- WORK INSTRUCTIONS
If pictures appear among the lines below, leave them out while you return exactly the lines from the one with "and flood beam." through the one with "Cute and comfortable".

*** DATA TO EXAMINE ***

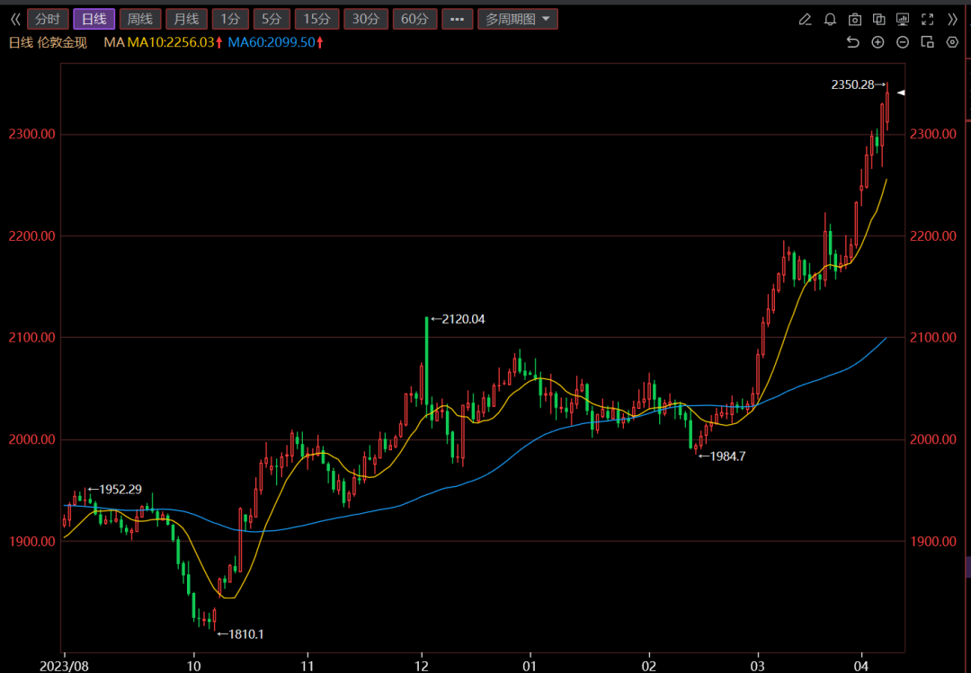 4月8日,伦敦现货黄金突破2350美元/盎司;COMEX黄金报出2372.5美元/盎司的高价;COMEX白银价格也来到28.195美元/盎司。
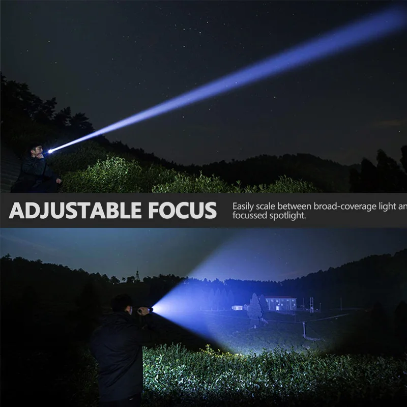 ★Zoom Adjustable ---Flashlight telescopic zoom,allows you to select focus between spot and flood beam.
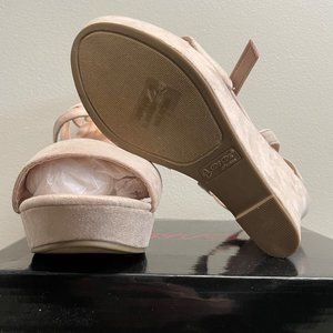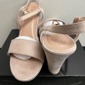 Cute and comfortable strappy wedge. Heel measures approximately 4.5 inches.
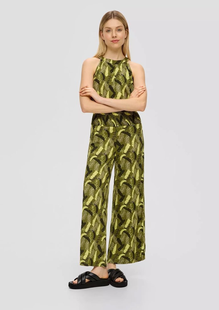 Kolsuz, yüksek yakalı ve parlak yeşil tie-dye desenli kadın tulumu. Düzenli kesim, pilili ve midi boyda, sentetik kumaştan günlük kullanım için uygun.
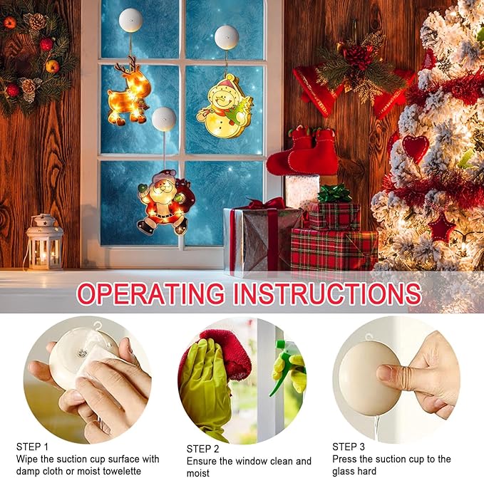 - Battery Power Supply: In order using this Christmas window light silhouette you'll need 3 AAA batteries (not included). The battery's life depends upon how it's taken care of, so be sure to check the polarity before changing it.
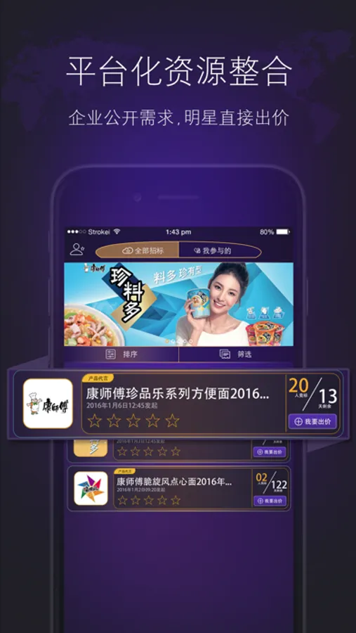 『整合需求与资源,提供一站式服务』为买卖双方提供需求发布、明星出价、订单管理等一站式服务。
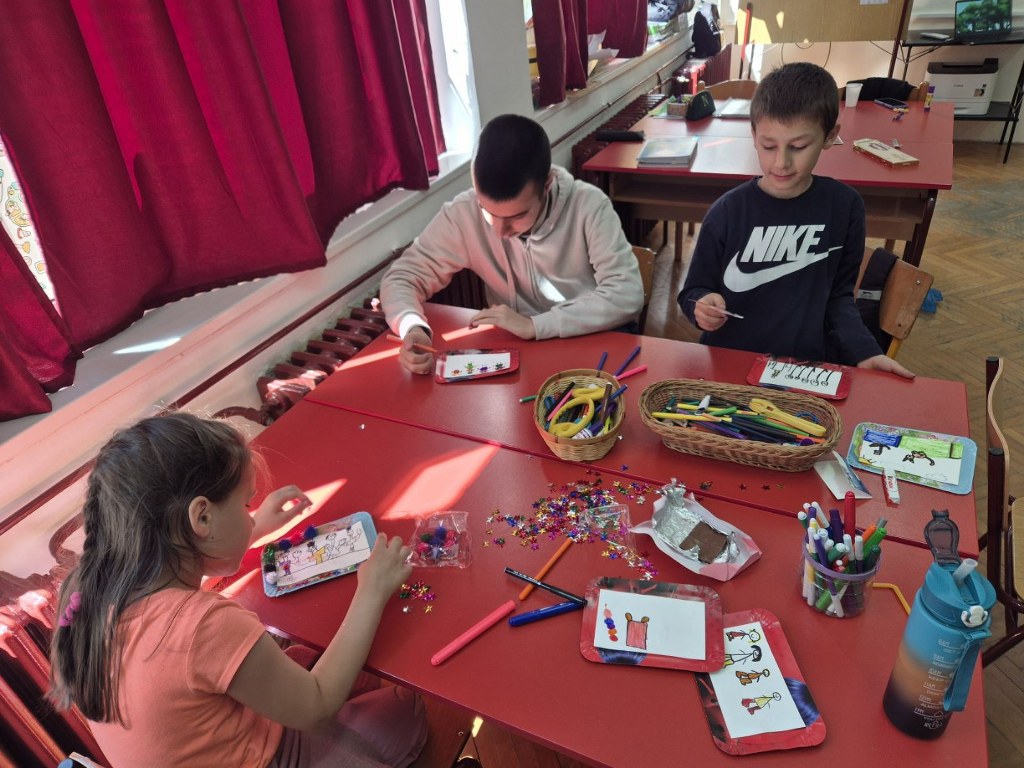 Одељења ученика са сметњама у развоју и инвалидитетом јуче су, заједно са својим дефектолозима и логопедом Светланом Матић, учествовали у посебној активности – прављењу рамова за породичне фотографије.
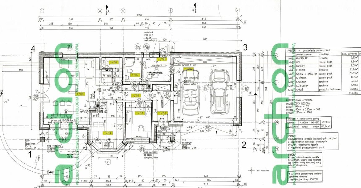 Parter ( 113,35 m2): salon z jadalnią, kuchnia, spiżarka, łazienka, gabinet, kotłownia, hol, wiatrołap, garaż na 2 samochody
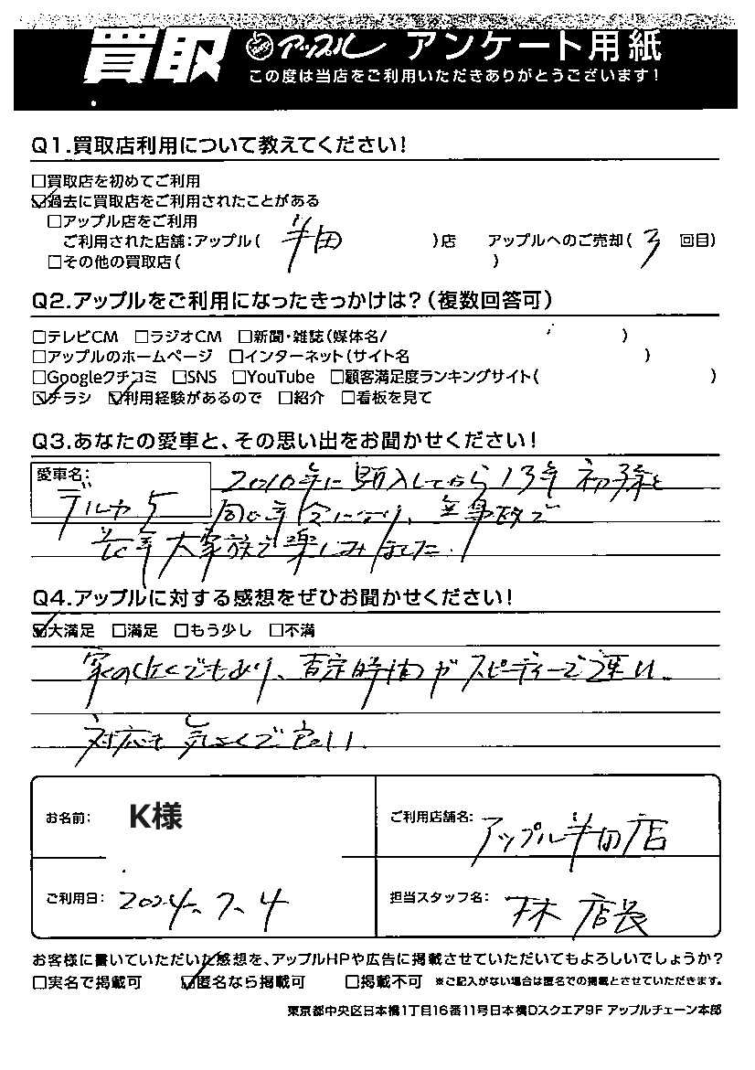 ご利用日:2024年7月4日 担当:林店長
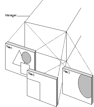 Attaching multiple views to a manager allows your program to display graphic objects simultaneously in various configurations.
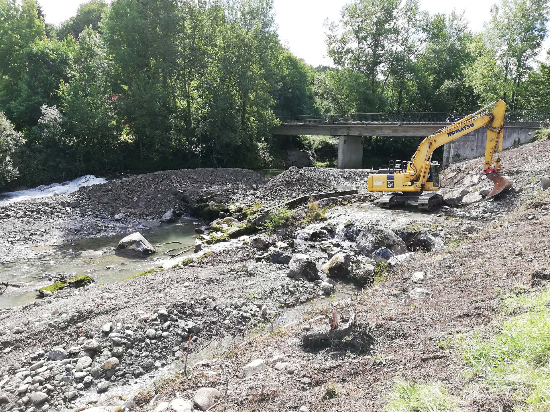 Pendant la durée du chantier, l’Ouzom a été dérivé à l’aide de batardeaux, afin de travailler dans une zone protégée et à sec.
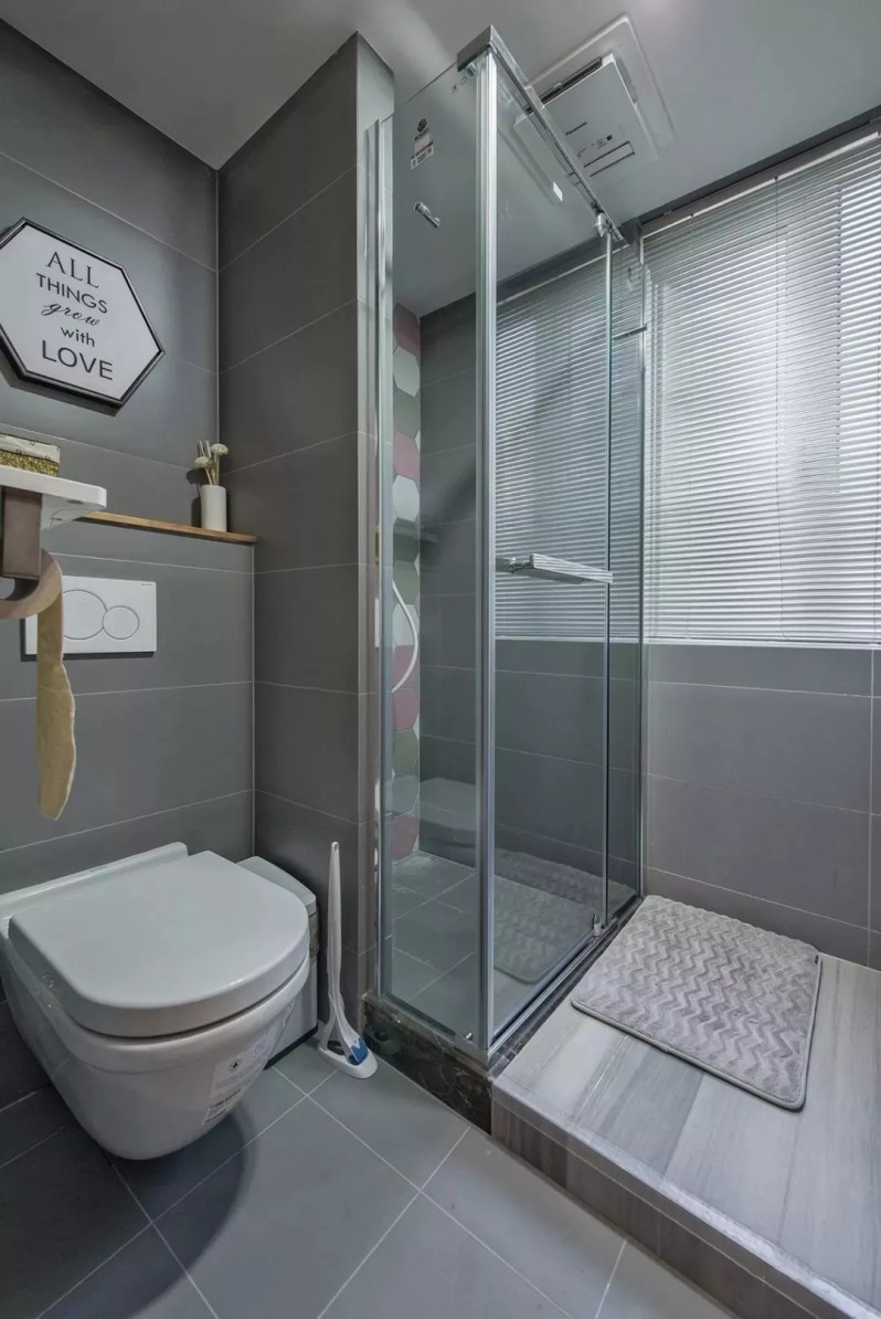 淋浴区,六边形拼色瓷砖与干区呼应,墙排马桶上方加入木面置物台。
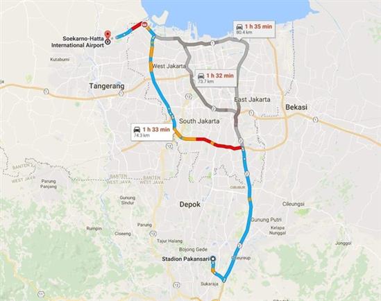 Theo tính toán của Google, thời gian từ sân bay quốc tế Sukarno - Hatta về địa điểm thi đấu mất 95 phút.
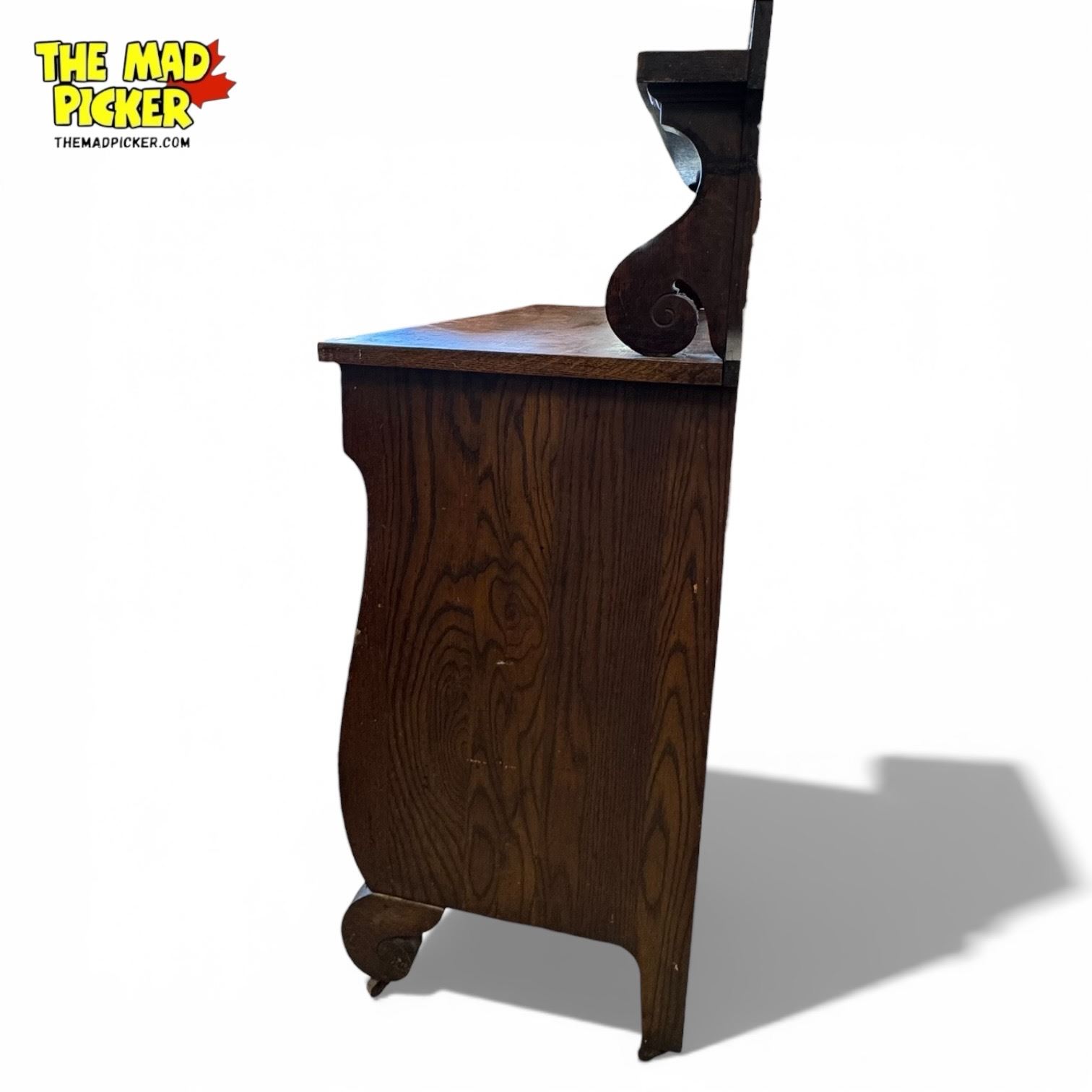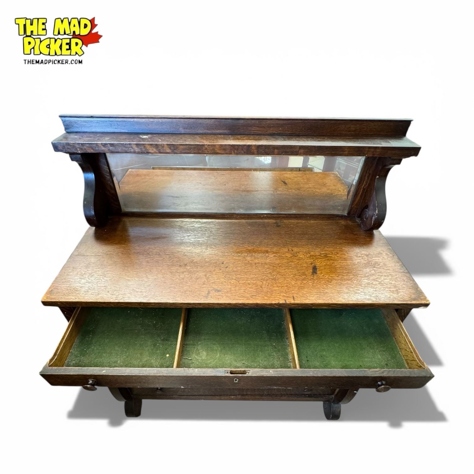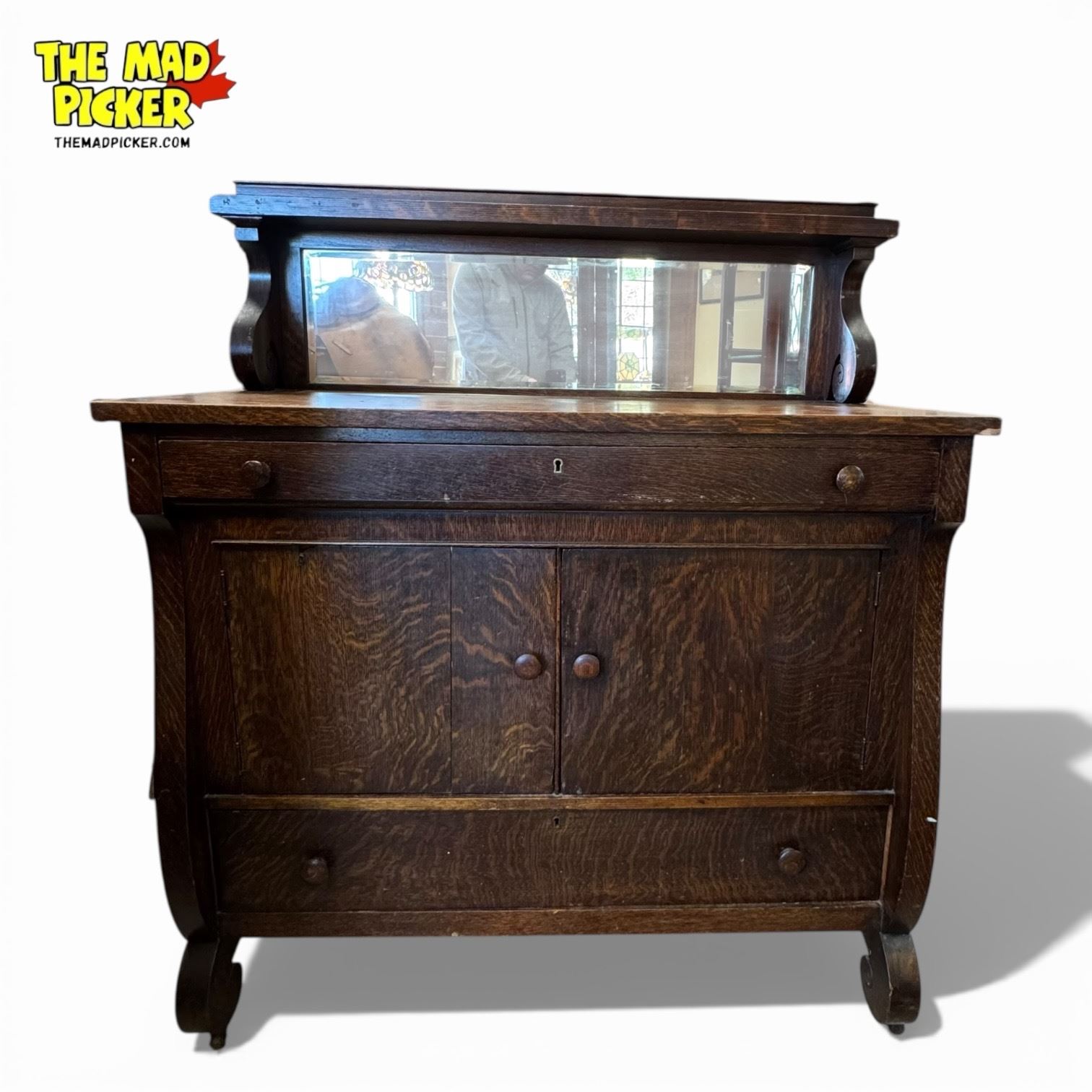 Antique Empire-style sideboard buffet crafted from tiger oak with quarter-sawn veneer. Features a mirror and ornate detailing typical of the style. Measures 46x20x54 inches. Missing back cover, consistent with age and use. A classic piece of early 20th-century furniture design.

***

- WRITTEN REPLY
 ★Zoom Adjustable ---Flashlight telescopic zoom,allows you to select focus between spot and flood beam.
 Cute and comfortable strappy wedge. Heel measures approximately 4.5 inches.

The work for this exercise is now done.